Y en definitiva, así son las reglas de juego en la Rusia de Putin y por qué nadie espera otro resultado que el que dé la victoria aplastante de Putin este domingo en una farsa de elecciones. Porque el modelo de Estado que propone es atemorizar a su pueblo en las urnas, con el bulo de que las libertades civiles son un invento de Occidente y todo lo que venga de Occidente es antirruso.

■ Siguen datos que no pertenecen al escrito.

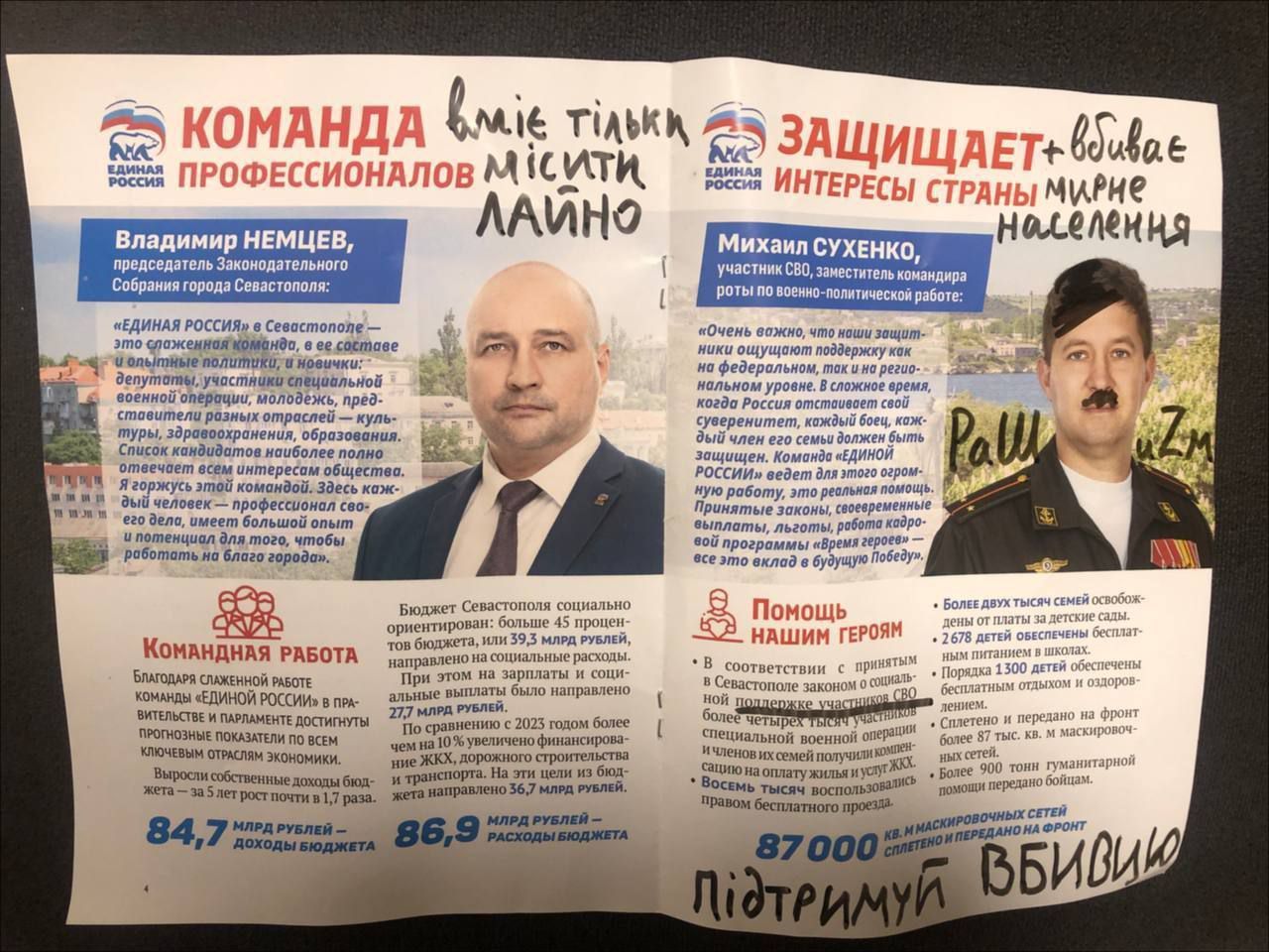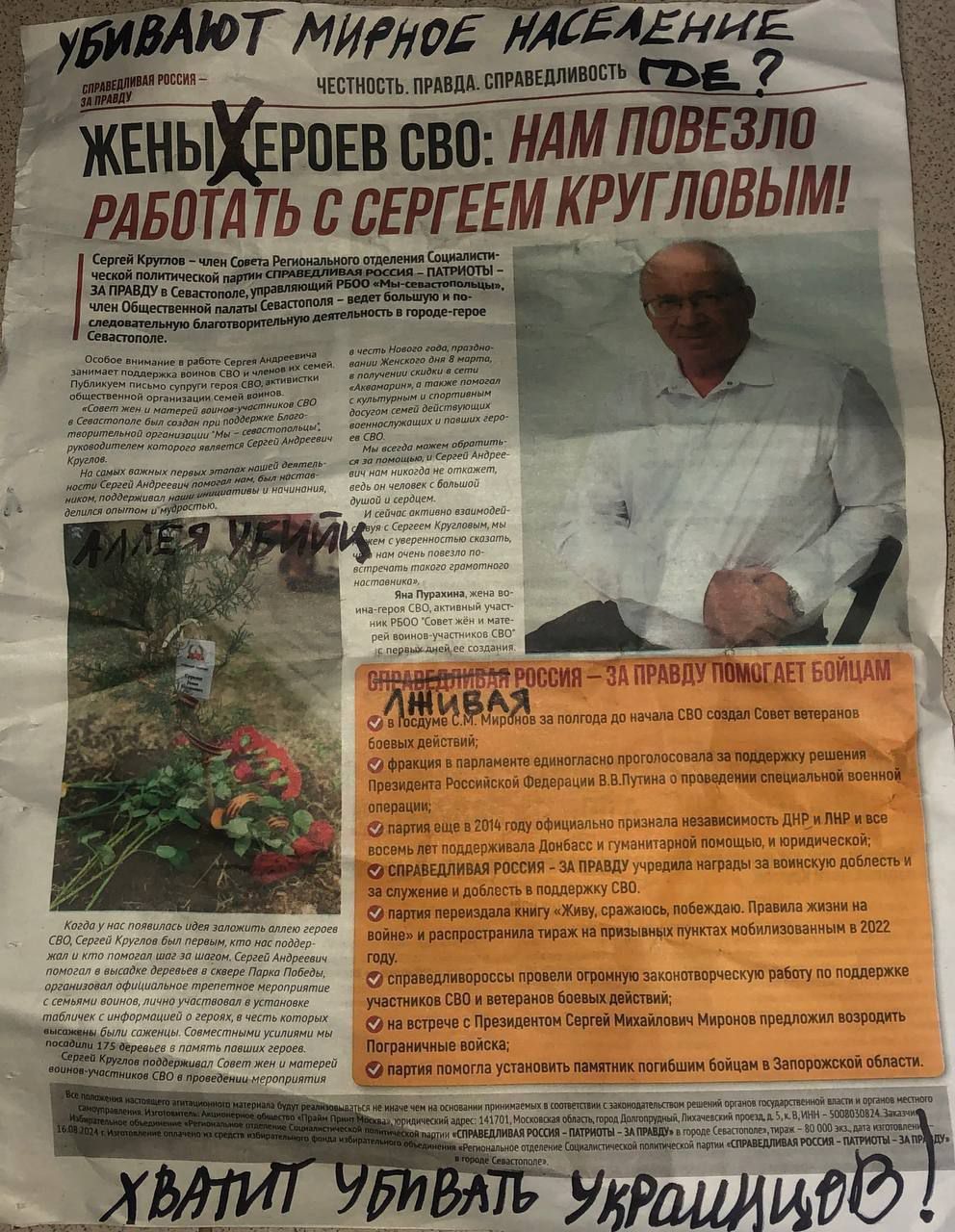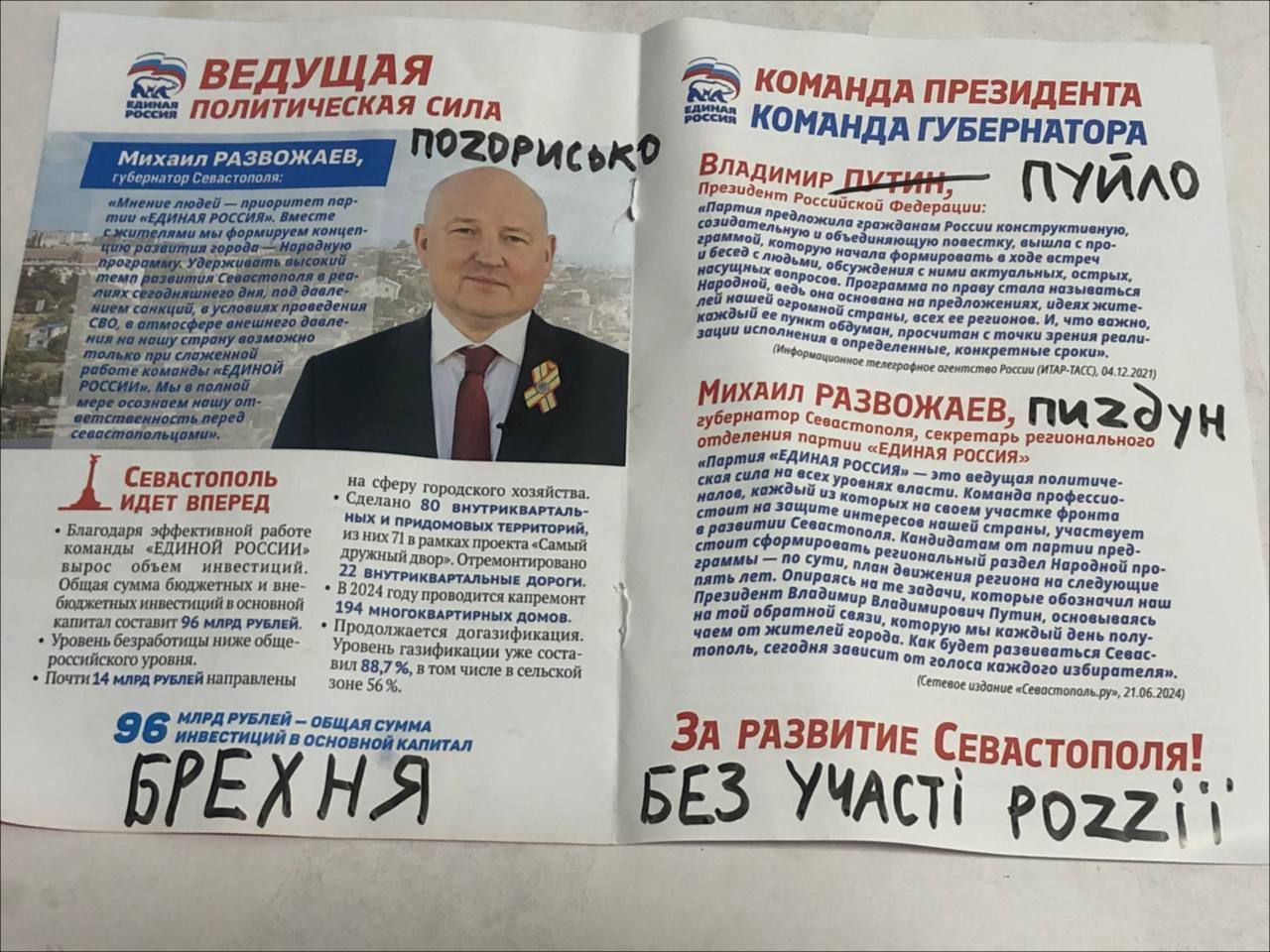 Окупанти поширювали наративи в дусі радянського вислову "молода республіка в оточенні ворогів". Вони нарікали, що часи важкі, триває "есвео", накладено санкції, але батьки міста в особі Аксьонова та Развожаєва неухильно дбають про Севастополь і рублем вкладаються в його "розвиток". При цьому пильнують, щоб учасники цього самого "есвео" були соціально захищені.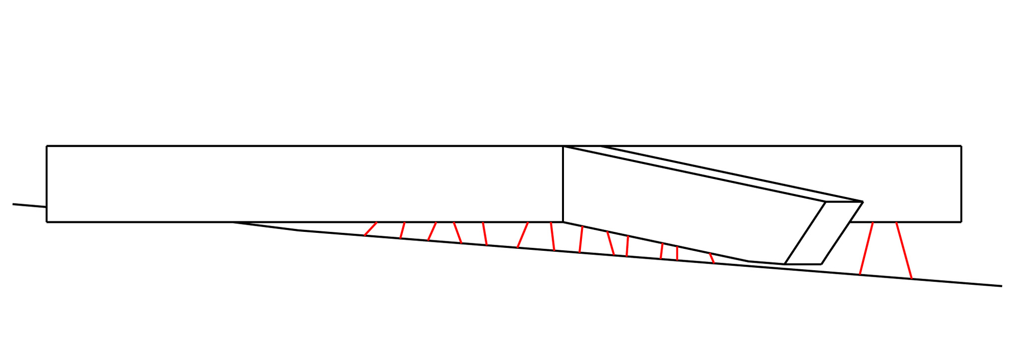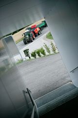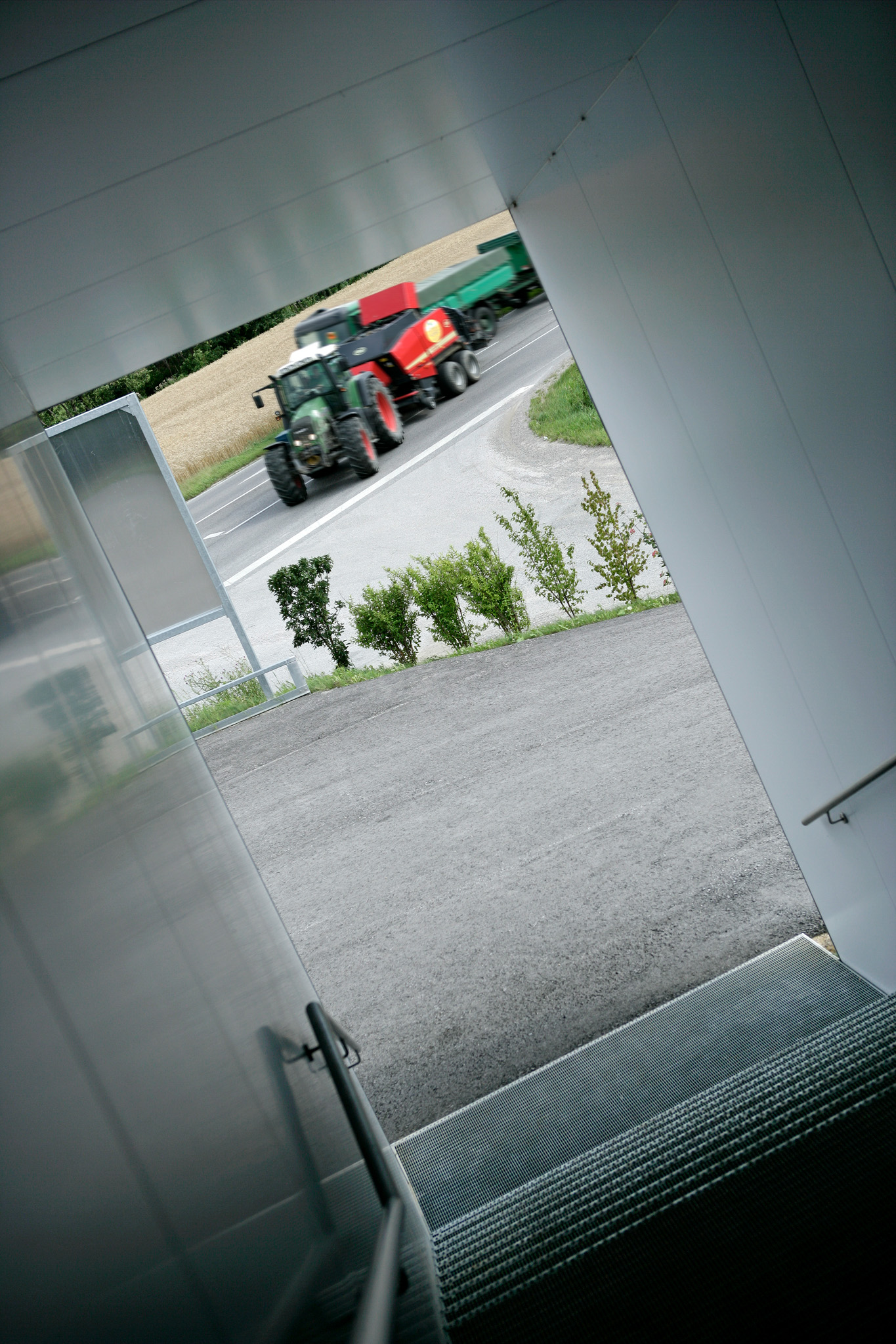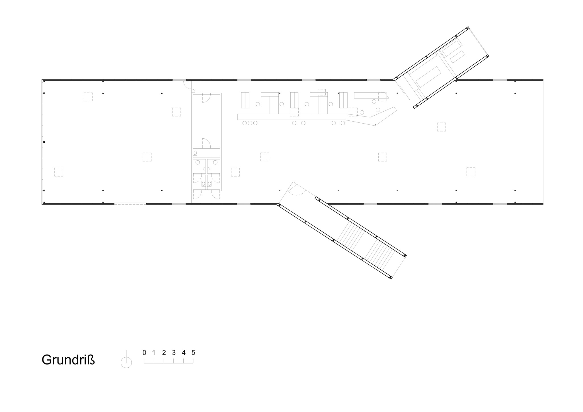 statt abzugraben und riesige stützmauern zu errichten, schwebt das gebäude über dem gelände. der chef wird nicht auf das dach gesetzt - das wäre zu viel hierarchie. er bleibt auf der ebene seiner mitarbeiterInnen, allerdings leicht erhöht und mit besonderem ausblick. der zugang ist das dramaturgisch besondere element auf der gegenüberliegenden seite des gebäudes.

La realidad, para desgracia de los rusos, es otra. El modelo que Putin aplica en Rusia exige a sus ciudadanos que aprueben su régimen y castiga al que no lo haga, con casos aberrantes como el que acabó en la cárcel porque su hija hizo un dibujo contra la muerte de niños en la guerra de Ucrania.
Así que, pierdan toda esperanza los que anhelan un derrota de Putin y prepárense para otro sexenio, en el que espera la rendición de Ucrania y la posible invasió de otro país, siempre con la amenaza de usar su armamento nuclear.
Espera también que su “tonto útil” favorito, Donald Trump, gane las elecciones de noviembre, para anular a Estados Unidos y que gane cuatro años vitales para convertir a Rusia de nuevo en un imperio y en una amenaza.
La noche del domingo o del lunes veremos al comando de lamebotas caribeños —el venezolano Nicolás Maduro, el nicaraguense Daniel Ortega y el cubano Miguel Díaz-Candel— saltar de alegría por la victoria del imperialista Putin, ya que será una garantía para que ellos puedan profundizar en la consolidación de sus países en dictaduras imbatibles.
Pero lo triste no es sólo que que tres aspirantes a dictadorzuelos latinoamericanos —u otros mucho más peligrosos como el sirio Bachar al Asad, el norcoreano Kim Jong-un o el chino Xi Jinping— estén el mismo club de fans de Putin, sino que otros líderes que supuestamente defienden la democracia como el modelo menos imperfecto pero el único justo, sean incapaces de decir en voz alta lo que es Putin: un criminal de guerra, que está destruyendo Ucrania y asesinado a su pueblo, simplemente porque estos no quieren volver a ser parte de su imperio.
Y para que no haya duda de esa simpatía por Putin, el presidente Lula da Silva lo ha invitado a visitar Brasil próximanente y ha advertido que no obedecerá al tribunal de La Haya para que lo arreste por criminal de guerra, mientras que será difícil olvidar a las tropas rusas desfilando en 2023 en el Desfile de la independencia de México, para dejar claro, supongo, que a él no le molestan las tropas que invaden otros países, sino sólo las que invadieron México.